The case sends a clear message that finding a cure for HIV “is not just about CCR5,” says infectious disease specialist Sharon Lewin, director of the Peter Doherty Institute of Infection and Immunity in Melbourne, Australia.
Ultimately, the discovery could expand the donor pool for stem cell transplants, a risky treatment offered to leukemia patients but likely not available to most people with HIV. About 1% of people of European ancestry CCR5 It’s a gene, but about 10% of people with such ancestry have one mutated copy.
The case “broadens the horizon” for possible HIV treatments, said Sarah Waibel, a physician-scientist who studies HIV at the University of California, San Diego. About 40 million people worldwide are infected with HIV.
6 years HIV free
The next patient, from Berlin, was diagnosed with HIV in 2009. He developed a cancer of the blood and bone marrow called acute myeloid leukemia in 2015. His doctors were unable to find a compatible stem cell donor who carried the mutation in both copies. CCR5 The gene was mutated, but a female donor with one similar mutated copy was found, and the next patient in Berlin underwent a stem cell transplant in 2015.
“The cancer treatment was very successful,” says Christian Gaebler, a physician-scientist and immunologist at the University of Berlin’s Medical School, who published the study.
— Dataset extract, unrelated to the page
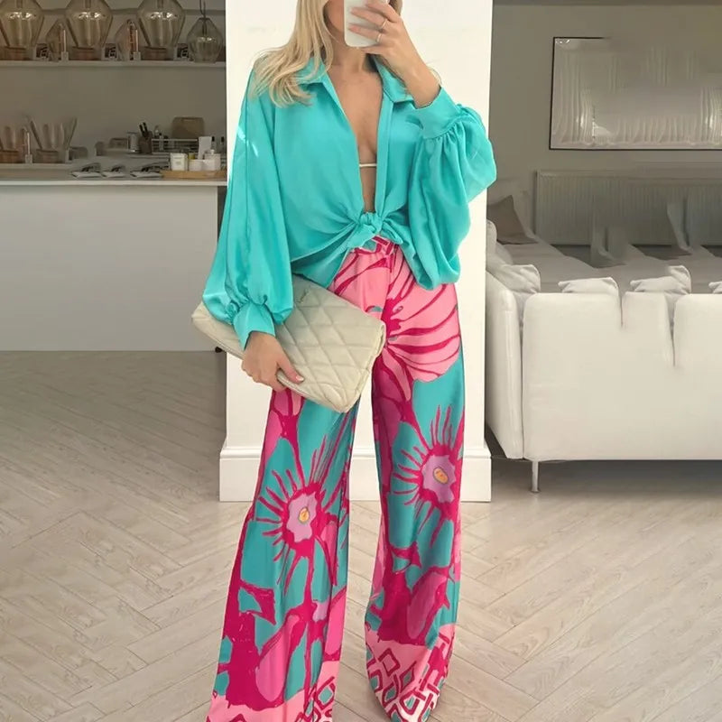 Pantalon Large Fleuri Coloré

Within a month, the patient’s bone marrow stem cells had replaced those of the donor. The patient stopped taking antiretroviral drugs that suppress HIV in 2018. And now, almost six years later, the researchers have been unable to find evidence of HIV replicating in the patient.
Shrinking reservoir
Previous attempts to transplant stem cells from donors on a regular basis CCR5 Genetic analysis has confirmed that in all but one HIV-positive person, the virus reemerges weeks to months after they stop taking antiretroviral therapy. In 2023, HIV researcher Asier Sáez-Sillion of the Institut Pasteur in Paris published data on an individual known as the Geneva patient, who hadn’t taken antiretroviral therapy for 18 months. According to Sáez-Sillion, the patient remains virus-free about 32 months later.
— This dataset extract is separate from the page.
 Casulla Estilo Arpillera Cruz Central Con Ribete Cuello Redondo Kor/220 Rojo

Researchers are now trying to understand why these two transplants were successful while others failed.
They propose several mechanisms. First, antiretroviral treatment significantly reduces the amount of virus in the body. Then chemotherapy before stem cell transplant kills many of the host’s immune cells where residual HIV lurks. The transplanted donor cells could see the remaining host cells as foreign and destroy them along with the virus lurking there. Rapid and complete replacement of the host’s bone marrow stem cells with donor stem cells could also contribute to rapid eradication. “If we can shrink the reservoir enough, we can cure people,” says Lewin.
Both the next Berlin patient and his stem cell donor CCR5 The mutated gene copies may have created an additional barrier that stops the virus from entering cells, Gaebler said.
Lewin said the case also has implications for treatments currently in the early stages of clinical trials that use CRISPR-Cas9 and other gene-editing techniques to cut out the CCR5 receptor from a person’s own cells. Even if these treatments can’t reach every cell, they could still be effective, Lewin said.
This article is reprinted with permission. First Edition July 26, 2024.